TASK TO CARRY OUT: Reproduce all records below exactly.

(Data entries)
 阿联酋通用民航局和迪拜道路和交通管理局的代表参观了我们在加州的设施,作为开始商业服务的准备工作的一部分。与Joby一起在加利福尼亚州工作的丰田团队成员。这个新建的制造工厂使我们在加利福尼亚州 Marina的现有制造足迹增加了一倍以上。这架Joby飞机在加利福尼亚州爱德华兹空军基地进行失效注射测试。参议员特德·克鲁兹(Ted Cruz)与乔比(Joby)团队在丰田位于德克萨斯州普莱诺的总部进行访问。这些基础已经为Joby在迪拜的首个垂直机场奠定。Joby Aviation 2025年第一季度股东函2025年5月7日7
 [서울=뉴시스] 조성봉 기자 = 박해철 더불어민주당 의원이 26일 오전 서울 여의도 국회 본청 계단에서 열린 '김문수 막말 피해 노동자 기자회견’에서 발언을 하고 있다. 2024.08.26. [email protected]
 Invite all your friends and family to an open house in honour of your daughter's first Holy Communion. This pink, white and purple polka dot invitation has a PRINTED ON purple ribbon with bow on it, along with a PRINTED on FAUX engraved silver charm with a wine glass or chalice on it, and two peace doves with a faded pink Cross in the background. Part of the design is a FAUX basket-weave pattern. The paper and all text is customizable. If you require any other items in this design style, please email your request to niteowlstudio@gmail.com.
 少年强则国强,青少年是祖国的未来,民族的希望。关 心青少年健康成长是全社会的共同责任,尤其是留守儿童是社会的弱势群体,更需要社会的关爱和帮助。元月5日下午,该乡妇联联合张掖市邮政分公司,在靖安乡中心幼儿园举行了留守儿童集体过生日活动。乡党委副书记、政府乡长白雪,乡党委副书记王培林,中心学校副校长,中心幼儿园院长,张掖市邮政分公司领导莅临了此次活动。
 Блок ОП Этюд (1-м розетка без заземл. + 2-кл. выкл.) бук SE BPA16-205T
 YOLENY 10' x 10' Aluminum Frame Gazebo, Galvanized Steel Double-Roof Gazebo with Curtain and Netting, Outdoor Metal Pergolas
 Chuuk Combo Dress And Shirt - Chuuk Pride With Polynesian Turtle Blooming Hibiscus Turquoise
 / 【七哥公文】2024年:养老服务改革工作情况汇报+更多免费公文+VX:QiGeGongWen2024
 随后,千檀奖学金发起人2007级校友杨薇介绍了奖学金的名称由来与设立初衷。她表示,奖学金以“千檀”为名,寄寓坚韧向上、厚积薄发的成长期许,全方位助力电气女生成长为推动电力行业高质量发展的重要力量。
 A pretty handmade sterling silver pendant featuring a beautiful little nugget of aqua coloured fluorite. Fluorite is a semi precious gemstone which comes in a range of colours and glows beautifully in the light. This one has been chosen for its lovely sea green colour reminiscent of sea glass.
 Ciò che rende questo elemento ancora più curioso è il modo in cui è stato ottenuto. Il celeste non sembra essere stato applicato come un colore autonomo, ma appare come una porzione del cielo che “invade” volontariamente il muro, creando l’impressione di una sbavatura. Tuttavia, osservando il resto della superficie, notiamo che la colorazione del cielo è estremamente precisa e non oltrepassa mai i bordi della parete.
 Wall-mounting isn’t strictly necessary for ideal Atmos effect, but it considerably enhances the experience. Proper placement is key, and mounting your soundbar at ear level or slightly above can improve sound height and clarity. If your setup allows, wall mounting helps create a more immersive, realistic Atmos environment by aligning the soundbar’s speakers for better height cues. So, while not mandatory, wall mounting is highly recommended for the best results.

RESULT BELOW:
 阿联酋通用民航局和迪拜道路和交通管理局的代表参观了我们在加州的设施,作为开始商业服务的准备工作的一部分。与Joby一起在加利福尼亚州工作的丰田团队成员。这个新建的制造工厂使我们在加利福尼亚州 Marina的现有制造足迹增加了一倍以上。这架Joby飞机在加利福尼亚州爱德华兹空军基地进行失效注射测试。参议员特德·克鲁兹(Ted Cruz)与乔比(Joby)团队在丰田位于德克萨斯州普莱诺的总部进行访问。这些基础已经为Joby在迪拜的首个垂直机场奠定。Joby Aviation 2025年第一季度股东函2025年5月7日7
 [서울=뉴시스] 조성봉 기자 = 박해철 더불어민주당 의원이 26일 오전 서울 여의도 국회 본청 계단에서 열린 '김문수 막말 피해 노동자 기자회견’에서 발언을 하고 있다. 2024.08.26. [email protected]
 Invite all your friends and family to an open house in honour of your daughter's first Holy Communion. This pink, white and purple polka dot invitation has a PRINTED ON purple ribbon with bow on it, along with a PRINTED on FAUX engraved silver charm with a wine glass or chalice on it, and two peace doves with a faded pink Cross in the background. Part of the design is a FAUX basket-weave pattern. The paper and all text is customizable. If you require any other items in this design style, please email your request to niteowlstudio@gmail.com.
 少年强则国强,青少年是祖国的未来,民族的希望。关 心青少年健康成长是全社会的共同责任,尤其是留守儿童是社会的弱势群体,更需要社会的关爱和帮助。元月5日下午,该乡妇联联合张掖市邮政分公司,在靖安乡中心幼儿园举行了留守儿童集体过生日活动。乡党委副书记、政府乡长白雪,乡党委副书记王培林,中心学校副校长,中心幼儿园院长,张掖市邮政分公司领导莅临了此次活动。
 Блок ОП Этюд (1-м розетка без заземл. + 2-кл. выкл.) бук SE BPA16-205T
 YOLENY 10' x 10' Aluminum Frame Gazebo, Galvanized Steel Double-Roof Gazebo with Curtain and Netting, Outdoor Metal Pergolas
 Chuuk Combo Dress And Shirt - Chuuk Pride With Polynesian Turtle Blooming Hibiscus Turquoise
 / 【七哥公文】2024年:养老服务改革工作情况汇报+更多免费公文+VX:QiGeGongWen2024
 随后,千檀奖学金发起人2007级校友杨薇介绍了奖学金的名称由来与设立初衷。她表示,奖学金以“千檀”为名,寄寓坚韧向上、厚积薄发的成长期许,全方位助力电气女生成长为推动电力行业高质量发展的重要力量。
 A pretty handmade sterling silver pendant featuring a beautiful little nugget of aqua coloured fluorite. Fluorite is a semi precious gemstone which comes in a range of colours and glows beautifully in the light. This one has been chosen for its lovely sea green colour reminiscent of sea glass.
 Ciò che rende questo elemento ancora più curioso è il modo in cui è stato ottenuto. Il celeste non sembra essere stato applicato come un colore autonomo, ma appare come una porzione del cielo che “invade” volontariamente il muro, creando l’impressione di una sbavatura. Tuttavia, osservando il resto della superficie, notiamo che la colorazione del cielo è estremamente precisa e non oltrepassa mai i bordi della parete.
 Wall-mounting isn’t strictly necessary for ideal Atmos effect, but it considerably enhances the experience. Proper placement is key, and mounting your soundbar at ear level or slightly above can improve sound height and clarity. If your setup allows, wall mounting helps create a more immersive, realistic Atmos environment by aligning the soundbar’s speakers for better height cues. So, while not mandatory, wall mounting is highly recommended for the best results.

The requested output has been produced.